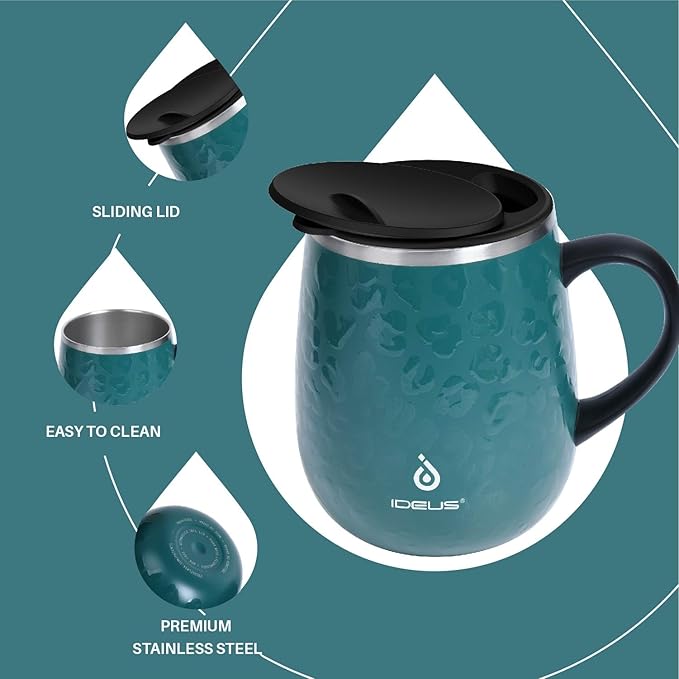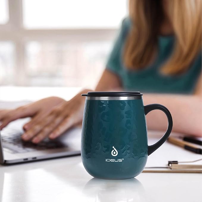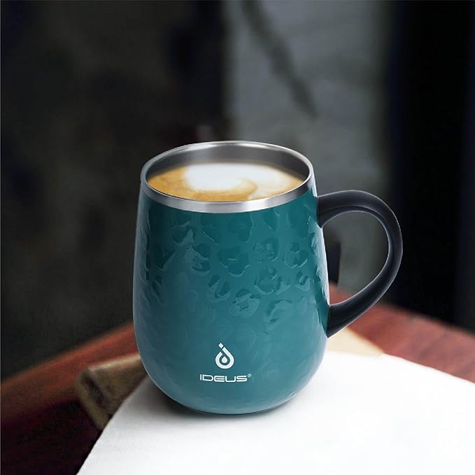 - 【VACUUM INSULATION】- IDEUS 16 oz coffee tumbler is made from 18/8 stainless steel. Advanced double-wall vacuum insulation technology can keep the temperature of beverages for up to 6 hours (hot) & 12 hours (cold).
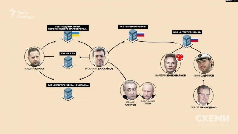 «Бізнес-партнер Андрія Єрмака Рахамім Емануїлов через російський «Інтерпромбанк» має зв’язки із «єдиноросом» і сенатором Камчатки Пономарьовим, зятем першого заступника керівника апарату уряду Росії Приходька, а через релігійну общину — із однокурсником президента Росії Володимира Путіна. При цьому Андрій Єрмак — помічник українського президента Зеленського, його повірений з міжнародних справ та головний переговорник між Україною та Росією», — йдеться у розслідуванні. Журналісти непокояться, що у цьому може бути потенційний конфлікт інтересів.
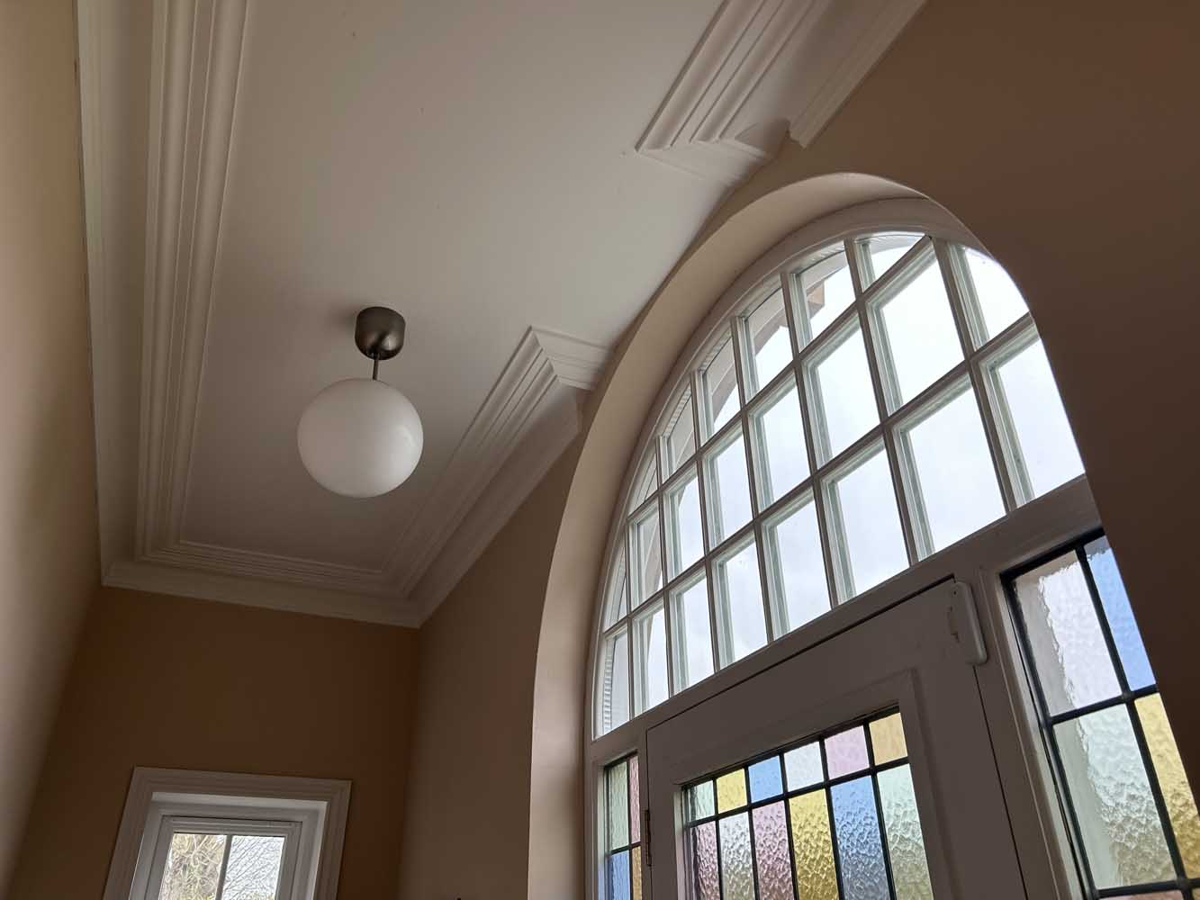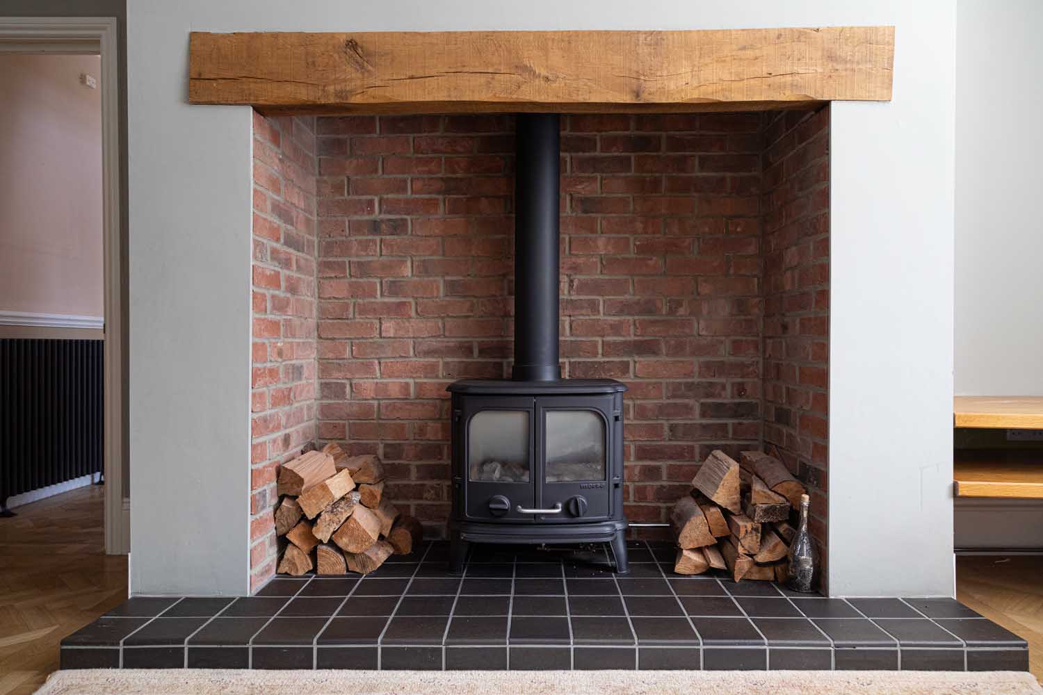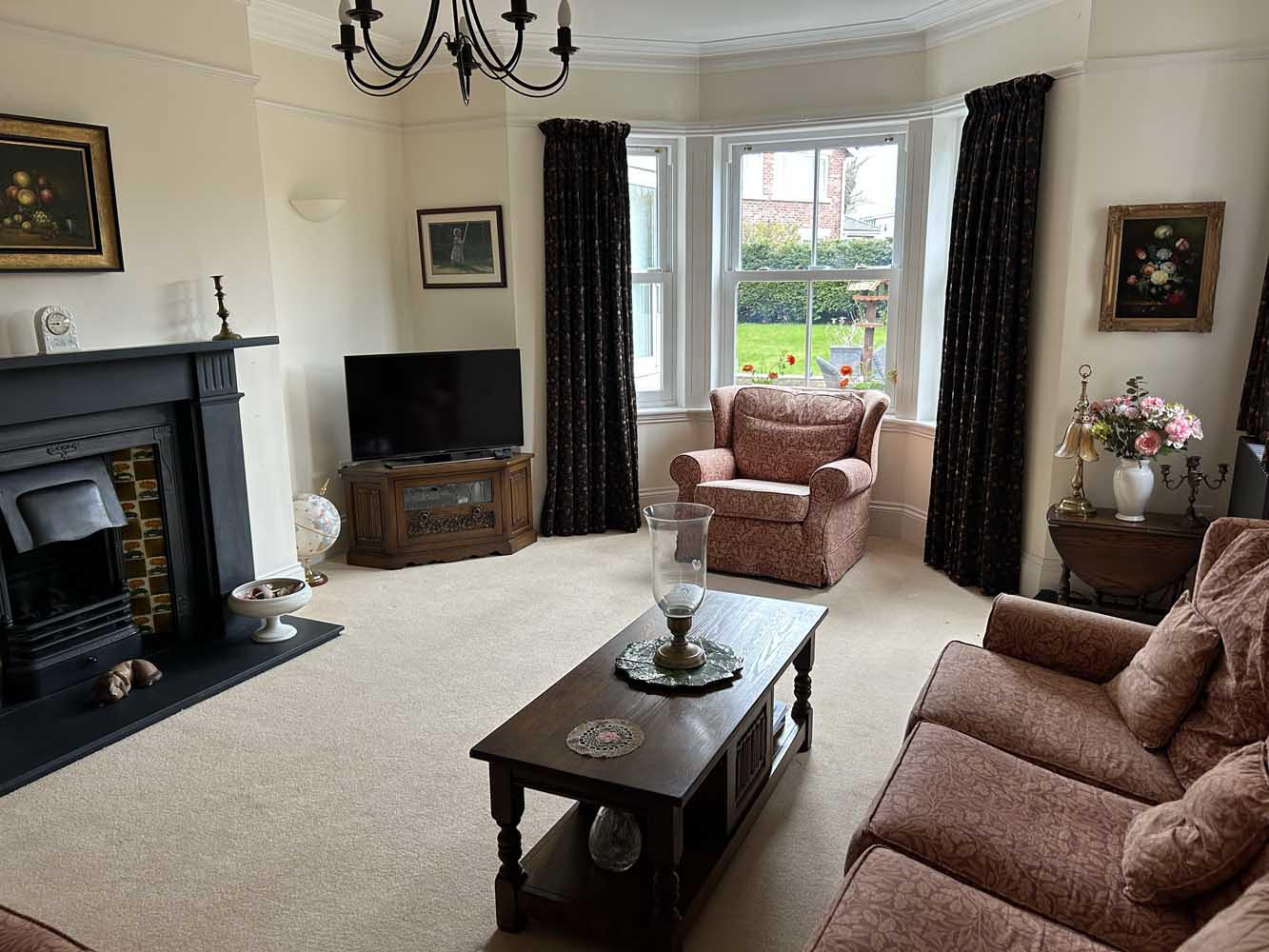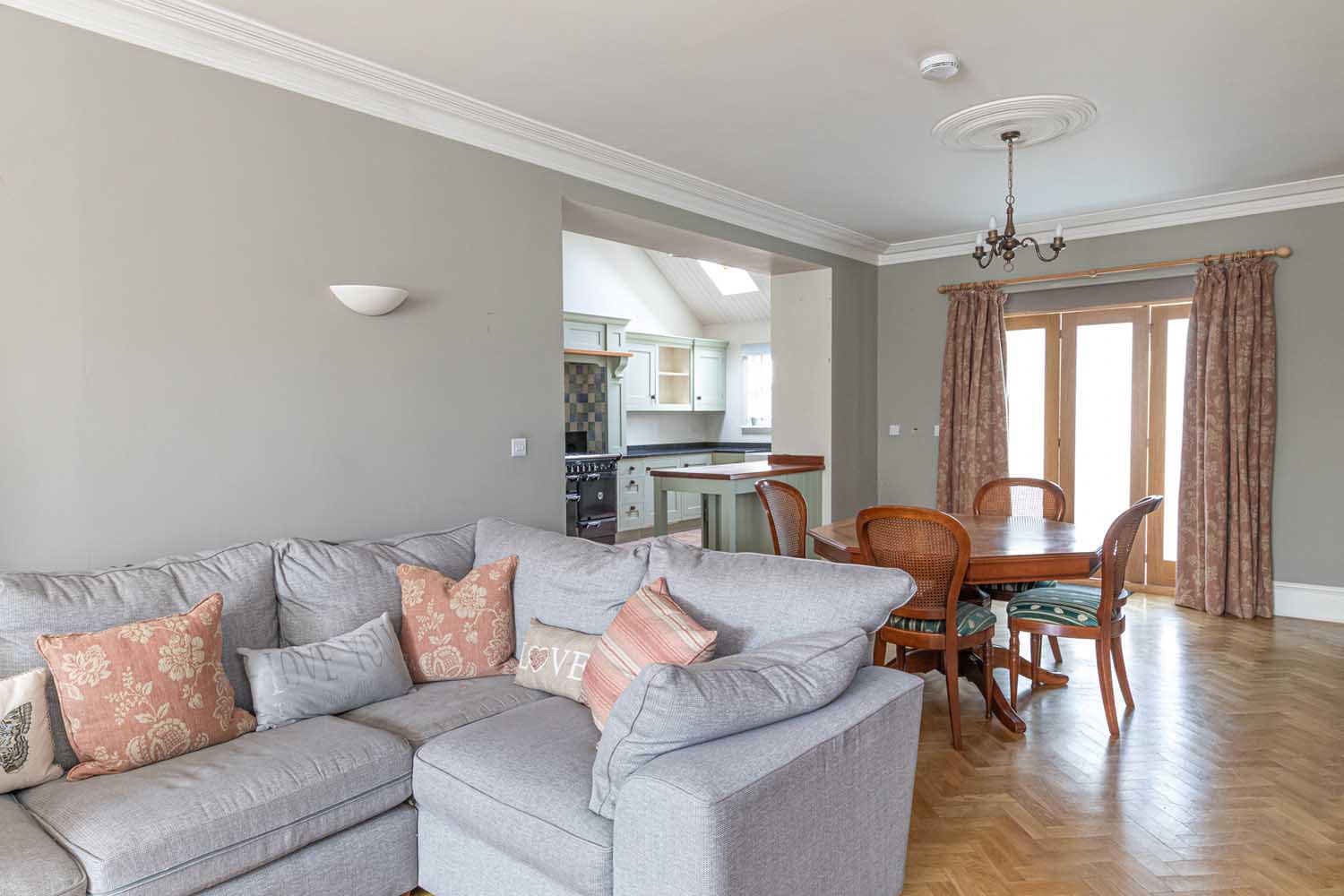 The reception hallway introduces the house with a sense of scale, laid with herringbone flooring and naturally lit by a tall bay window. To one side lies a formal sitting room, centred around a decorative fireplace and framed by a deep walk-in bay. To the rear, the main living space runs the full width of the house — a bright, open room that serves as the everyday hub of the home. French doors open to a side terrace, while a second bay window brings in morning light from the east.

====================

TASK REQUIREMENTS » Leave the pictures out and output the rest of the data word for word.

TASK SOLUTION »
 - 【VACUUM INSULATION】- IDEUS 16 oz coffee tumbler is made from 18/8 stainless steel. Advanced double-wall vacuum insulation technology can keep the temperature of beverages for up to 6 hours (hot) & 12 hours (cold).
 «Бізнес-партнер Андрія Єрмака Рахамім Емануїлов через російський «Інтерпромбанк» має зв’язки із «єдиноросом» і сенатором Камчатки Пономарьовим, зятем першого заступника керівника апарату уряду Росії Приходька, а через релігійну общину — із однокурсником президента Росії Володимира Путіна. При цьому Андрій Єрмак — помічник українського президента Зеленського, його повірений з міжнародних справ та головний переговорник між Україною та Росією», — йдеться у розслідуванні. Журналісти непокояться, що у цьому може бути потенційний конфлікт інтересів.
 The reception hallway introduces the house with a sense of scale, laid with herringbone flooring and naturally lit by a tall bay window. To one side lies a formal sitting room, centred around a decorative fireplace and framed by a deep walk-in bay. To the rear, the main living space runs the full width of the house — a bright, open room that serves as the everyday hub of the home. French doors open to a side terrace, while a second bay window brings in morning light from the east.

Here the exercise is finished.